How Well Your Diet Really Works After One Year
If your weight loss has recently plateaued despite following a diet that seemed to work well for a time, you're not alone. A review published in BMJ in 2020 found that most diets cease to help with weight loss after a year of following them. The diet itself didn't matter — whether dieters were keto, Paleo, Mediterranean, or low-carb, the weight loss dropped off after 12 months.
Researchers reviewed the results of nearly 22,000 people on 14 different diets in past studies, to find that weight loss began to drop off after a year (via BMJ). This may be because as the body adapts to a new diet, the metabolism shifts as well, slowing down over time to accommodate the lower caloric intake.
"As you lose weight, your metabolism fights back against you and makes it harder to continue with that downward trend," dietitian Sharon Zarabi told Healthline. You may lose weight on a new diet when you start, but eventually, your body will adjust and the weight loss will slow.
You also may be stricter about a new diet early on, but by 12 months in, perhaps you've started to add a few cheat meals, or even found foods that fit within the diet's parameters but are less-than-healthy. (There are plenty of keto-friendly dessert recipes out there!)
How can you restart losing weight?
The other reason these diets may begin to fail is because each person has individual preferences, as well as unique genetics. "There is no one diet that works for all," Zarabi told Healthline. The keto diet may work well for one person, but not the next. Adapting a plant-based diet may be ideal for someone, but difficult to adhere to for someone else. Finding a diet that feels sustainable and doesn't leave you craving your old comfort foods is the most sustainable way to keep losing weight.

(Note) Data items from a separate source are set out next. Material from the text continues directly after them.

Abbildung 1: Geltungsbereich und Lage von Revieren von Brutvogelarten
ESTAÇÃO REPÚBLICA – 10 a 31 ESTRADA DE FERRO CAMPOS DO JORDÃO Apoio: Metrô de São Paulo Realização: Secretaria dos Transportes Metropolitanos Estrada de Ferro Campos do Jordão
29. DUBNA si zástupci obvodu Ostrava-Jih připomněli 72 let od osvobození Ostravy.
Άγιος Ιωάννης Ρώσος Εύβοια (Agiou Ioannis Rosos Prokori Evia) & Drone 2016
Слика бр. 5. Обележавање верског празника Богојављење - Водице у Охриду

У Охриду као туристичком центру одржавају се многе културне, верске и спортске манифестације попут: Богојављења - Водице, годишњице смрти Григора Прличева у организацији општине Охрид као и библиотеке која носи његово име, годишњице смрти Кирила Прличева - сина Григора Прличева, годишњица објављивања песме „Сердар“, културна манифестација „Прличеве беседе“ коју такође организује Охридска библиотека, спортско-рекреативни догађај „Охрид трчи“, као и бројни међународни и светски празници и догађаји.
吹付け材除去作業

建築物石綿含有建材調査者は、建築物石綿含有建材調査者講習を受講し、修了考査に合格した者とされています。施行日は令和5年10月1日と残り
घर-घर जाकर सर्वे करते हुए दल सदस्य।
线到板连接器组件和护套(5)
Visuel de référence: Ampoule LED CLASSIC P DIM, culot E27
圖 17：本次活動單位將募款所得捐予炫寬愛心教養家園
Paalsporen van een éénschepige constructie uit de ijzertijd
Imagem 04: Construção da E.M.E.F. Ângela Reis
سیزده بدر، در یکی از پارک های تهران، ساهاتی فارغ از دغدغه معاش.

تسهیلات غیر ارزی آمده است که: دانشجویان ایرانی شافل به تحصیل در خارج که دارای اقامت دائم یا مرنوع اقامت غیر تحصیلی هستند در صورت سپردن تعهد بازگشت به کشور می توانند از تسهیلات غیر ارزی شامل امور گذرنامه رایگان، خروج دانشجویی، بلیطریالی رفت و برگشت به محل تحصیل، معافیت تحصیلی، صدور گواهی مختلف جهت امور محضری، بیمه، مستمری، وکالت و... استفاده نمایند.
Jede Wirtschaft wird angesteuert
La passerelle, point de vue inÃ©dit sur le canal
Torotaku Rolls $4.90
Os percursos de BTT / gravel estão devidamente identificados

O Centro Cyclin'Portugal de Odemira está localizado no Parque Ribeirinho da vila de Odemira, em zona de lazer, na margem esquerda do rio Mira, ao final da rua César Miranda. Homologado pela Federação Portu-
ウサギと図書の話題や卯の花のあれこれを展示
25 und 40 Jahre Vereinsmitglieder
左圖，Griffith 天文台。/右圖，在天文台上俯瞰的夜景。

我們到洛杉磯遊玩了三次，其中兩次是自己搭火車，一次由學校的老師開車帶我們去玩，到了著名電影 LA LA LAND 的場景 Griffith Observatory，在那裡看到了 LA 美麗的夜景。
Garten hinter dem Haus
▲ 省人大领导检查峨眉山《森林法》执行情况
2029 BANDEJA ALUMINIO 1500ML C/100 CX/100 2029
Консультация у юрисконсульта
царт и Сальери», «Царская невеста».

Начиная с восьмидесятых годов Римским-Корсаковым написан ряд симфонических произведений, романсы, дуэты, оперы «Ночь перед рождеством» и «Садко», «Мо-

So don't take this news as license to go back to former unhealthy eating patterns. Some diets, like the Mediterranean or MIND diets, are designed to also boost longevity, heart health, blood sugar stability, and optimal body function. Even if the scale seems stuck, there are plenty of other positives to sticking to a diet — like feeling better, even if your pants aren't loosening up in the process.
Researchers have found that when it comes to long-term weight loss, healthy eating is just part of the equation. Moving more — exercising and walking — is critical, as is sleeping more and spending less time staring at screens. If the dial on your scale has stopped moving, consider changing other lifestyle factors (via Time).